Moderne Medien spielen immer größere Rolle

(UBP 33/2020) Die Unabhängige-Bürger-Partei (UBP) wird wie schon im Jahr 2014 an den Kreistagswahlen teilnehmen. Damals ist es uns als UBP gelungen, als einzige kommunale Partei in Fraktionsstärke in den Recklinghäuser Kreistag sowie in alle 10 Stadtparlamente einzuziehen. In Marl sogar als drittstärkste Kraft! Aufgrund der Corona-Krise und den Vorgaben der Landesregierung haben wir sämtliche interne Wahlveranstaltungen auf die Zeit nach dem 20. April 2020 verschoben.

Die Stadtverbände sondieren zur Zeit Kandidaten für die Wahlkreise und es gilt als sicher, dass die UBP in allen 36 Wahlkreisen des Kreises Recklinghausen mit eigenen Wahlkreiskandidaten teilnimmt und mit Tobias Köller auch einen eigenen Landratskandidaten aufstellen wird, um erneut als starke Oppositionskraft in den Kreistag einzuziehen.

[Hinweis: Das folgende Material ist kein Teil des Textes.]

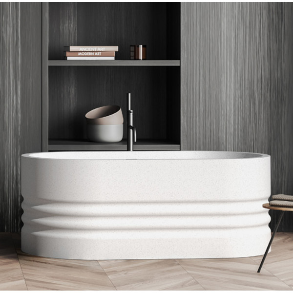 Emblematic of the textural qualities of the humble corrugated iron, the Ode Collection references the iconic undulations in a series of subtle, minimalistic lines. Elegant in its restraint, the collection was designed to echo the adaptability of its muse, suited to an array of settings – industrial, minimal, maximal, traditional or modern. The collection features a freestanding bath, countertop and pedestal basin, each hand crafted from our sustainable, apaiserMARBLE®.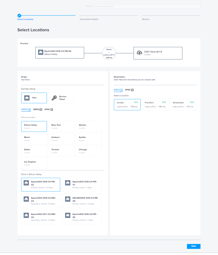 STEP 1: In the Equinix Fabric portal: Request a local intra-DC/ metro connection between the Equinix Fabric port and Colt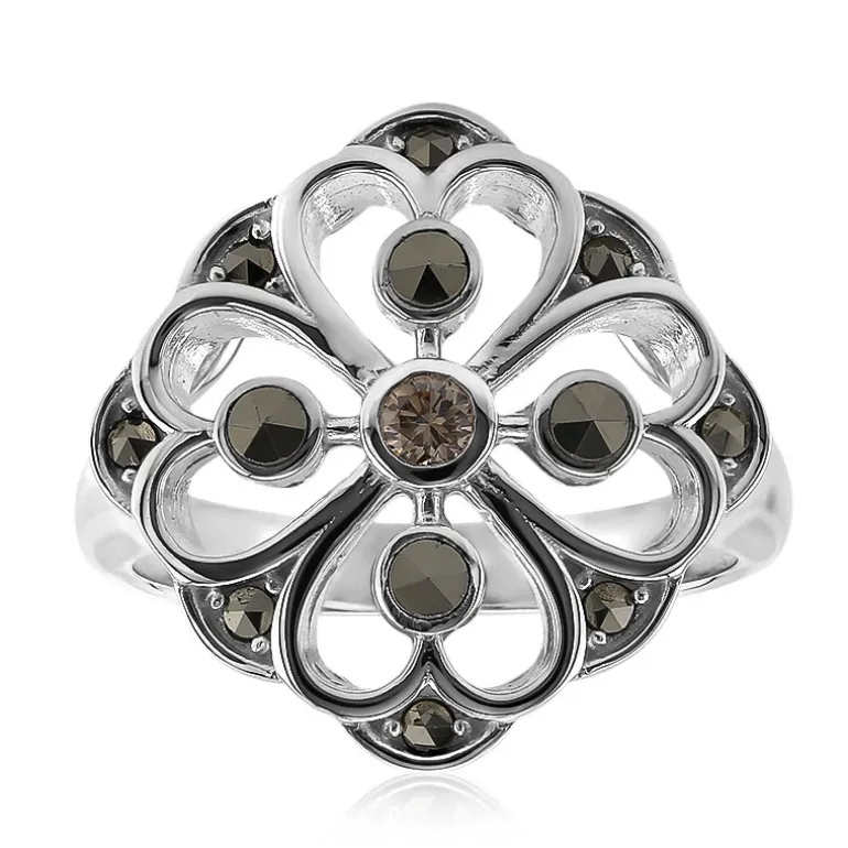 Schicker Argyle Rose de France & Markasit Silber Ring

Die UBP wird einen Wahlkampf führen, der sowohl der Corona-Krise wie auch der aktuellen ökologischen Debatte Rechnung tragen wird. Tobias Köller: „Die Zeiten, in denen die Städte „zuplakatiert“ wurden und dies zum Ärger der Mitbürgerinnen und Mitbürger geführt haben, sind vorbei. Heute gilt es auf eine Mischung aus modernen Medien im Internet sowie traditioneller Werbung über die Lokalzeitungen zu setzen. Wir werden auch der aktuellen Klimadebatte Rechnung tragen und nur punktuell recyclebare Plakate und Flyer verwenden. Die politische Werbung und die Sachthemen sind in einem Wandel. Wir als moderne Bürgerpartei werden uns selbstverständlich daran orientieren.“

Die UBP wird den Wahlkampf im Kreis unter dem Motto „Politik mit Herz und Verstand“ führen. In der aktuellen schwierigen Zeit gilt es in der Bevölkerung ein Zusammengehörigkeitsgefühl zu schaffen. Gerade die sozialen Themen sind wichtig. Die Gesellschaft rückt derzeit in vielen Bereichen zusammen. Die ältere Generation braucht Unterstützung, viele Menschen gehen zur Arbeit um das öffentliche Leben aufrecht zu erhalten, Pflegekräfte und Ärzte leisten grandiose Arbeit und nicht zuletzt viele geringfügig Beschäftigte leisten aktuell Überstunden um die Wirtschaft aufrecht zu erhalten. Diese positiven Dinge müssen wir wertschätzen und auch nach der Krise nicht als Selbstverständlichkeit betrachten.